**Problem to solve**
Every line below must be reproduced exactly; no pictures are to be included.

-- -- --

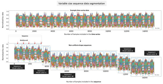The analyzed data for our research are sequences of varying length annotated with weak labels that serve as targets for the machine learning models. Traditional approaches for handling time-series data often involve dividing the data into fixed window lengths. However, due to the high variance in activity durations, using a small window for a long activity or a large window for a short activity can result in the loss of important information []. Up until recently, one commonly used approach required very large window samples that could fit all activity sizes inside, padding them with a value (typically zeros) and feeding them as input to the networks. Annotating data, on the other hand, is usually laborious and time-consuming, and requires considerable attention and precision.
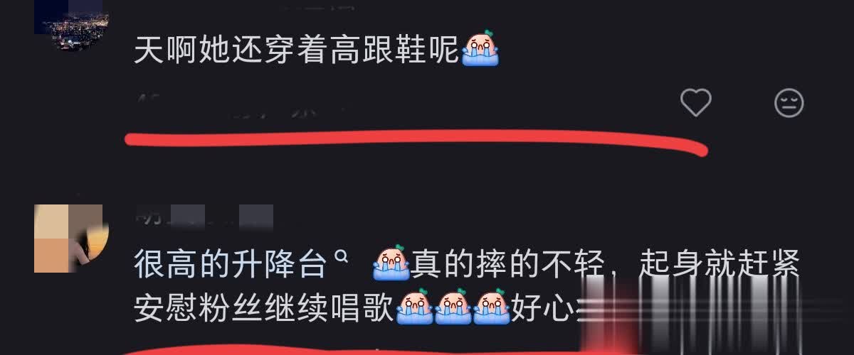 网友们都替张靓颖捏了把汗,从这升降台上摔下去别说高跟鞋了,就是普通鞋都很疼!不少网友都表示,她还安慰粉丝呢,真的很心疼她!希望张靓颖没事!
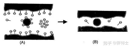 同时因为人体的皮肤是亲油的(皮脂膜和角质层都有大量的脂质成分),游离表面活性剂的亲油端附着在皮肤上,带负电的亲水端暴露在外,行程一层带负电的膜(下图 A) 。
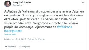 «En Aigües de Vallirana si llamas por una avería te atienden en castellano. Si quieres q te atiendan en catalán debes dejar el teléfono y ya te llamarán. Si hablas en catalán no quieren tomarte nota. Vergonzoso el trato a la lengua propia de Cataluña. Ayuntamiento de @Vallirana @lenguacat«, ha afirmado Cleries.
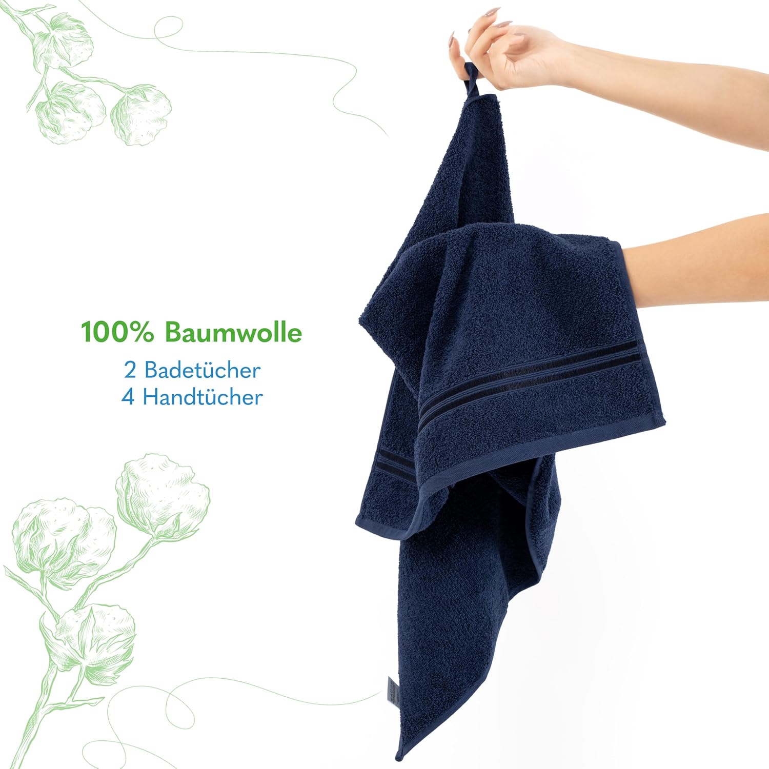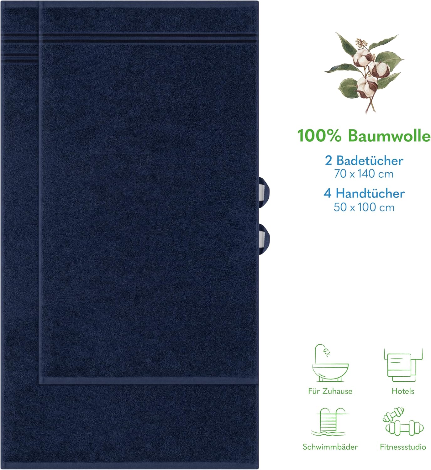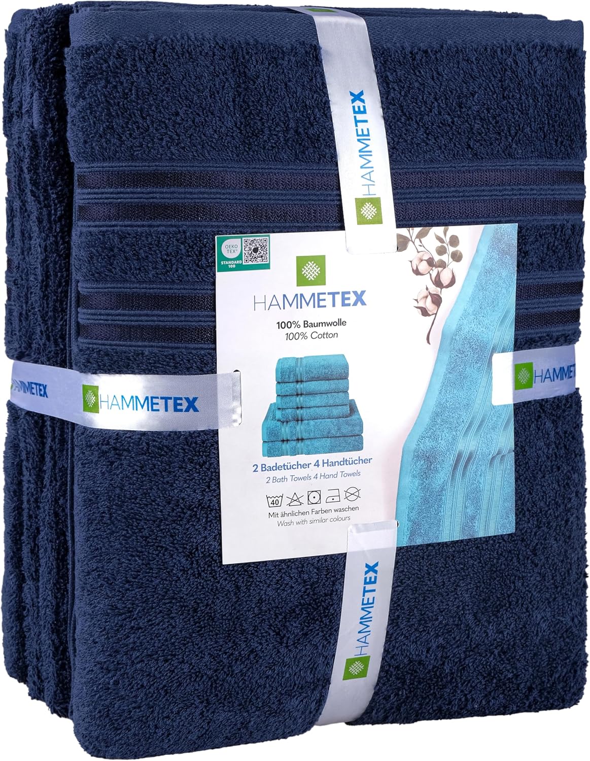 Открийте комплекта HAMMETEX: 2 големи кърпи за баня (70x140 см) и 4 кърпи за ръце (50x100 см). Изработени от фин турски памук за комфорт и функционалност – идеални за ежедневна употреба или специални поводи.

-- -- --

**Solution to the exercise**
The analyzed data for our research are sequences of varying length annotated with weak labels that serve as targets for the machine learning models. Traditional approaches for handling time-series data often involve dividing the data into fixed window lengths. However, due to the high variance in activity durations, using a small window for a long activity or a large window for a short activity can result in the loss of important information []. Up until recently, one commonly used approach required very large window samples that could fit all activity sizes inside, padding them with a value (typically zeros) and feeding them as input to the networks. Annotating data, on the other hand, is usually laborious and time-consuming, and requires considerable attention and precision.
 网友们都替张靓颖捏了把汗,从这升降台上摔下去别说高跟鞋了,就是普通鞋都很疼!不少网友都表示,她还安慰粉丝呢,真的很心疼她!希望张靓颖没事!
 同时因为人体的皮肤是亲油的(皮脂膜和角质层都有大量的脂质成分),游离表面活性剂的亲油端附着在皮肤上,带负电的亲水端暴露在外,行程一层带负电的膜(下图 A) 。
 «En Aigües de Vallirana si llamas por una avería te atienden en castellano. Si quieres q te atiendan en catalán debes dejar el teléfono y ya te llamarán. Si hablas en catalán no quieren tomarte nota. Vergonzoso el trato a la lengua propia de Cataluña. Ayuntamiento de @Vallirana @lenguacat«, ha afirmado Cleries.
 Открийте комплекта HAMMETEX: 2 големи кърпи за баня (70x140 см) и 4 кърпи за ръце (50x100 см). Изработени от фин турски памук за комфорт и функционалност – идеални за ежедневна употреба или специални поводи.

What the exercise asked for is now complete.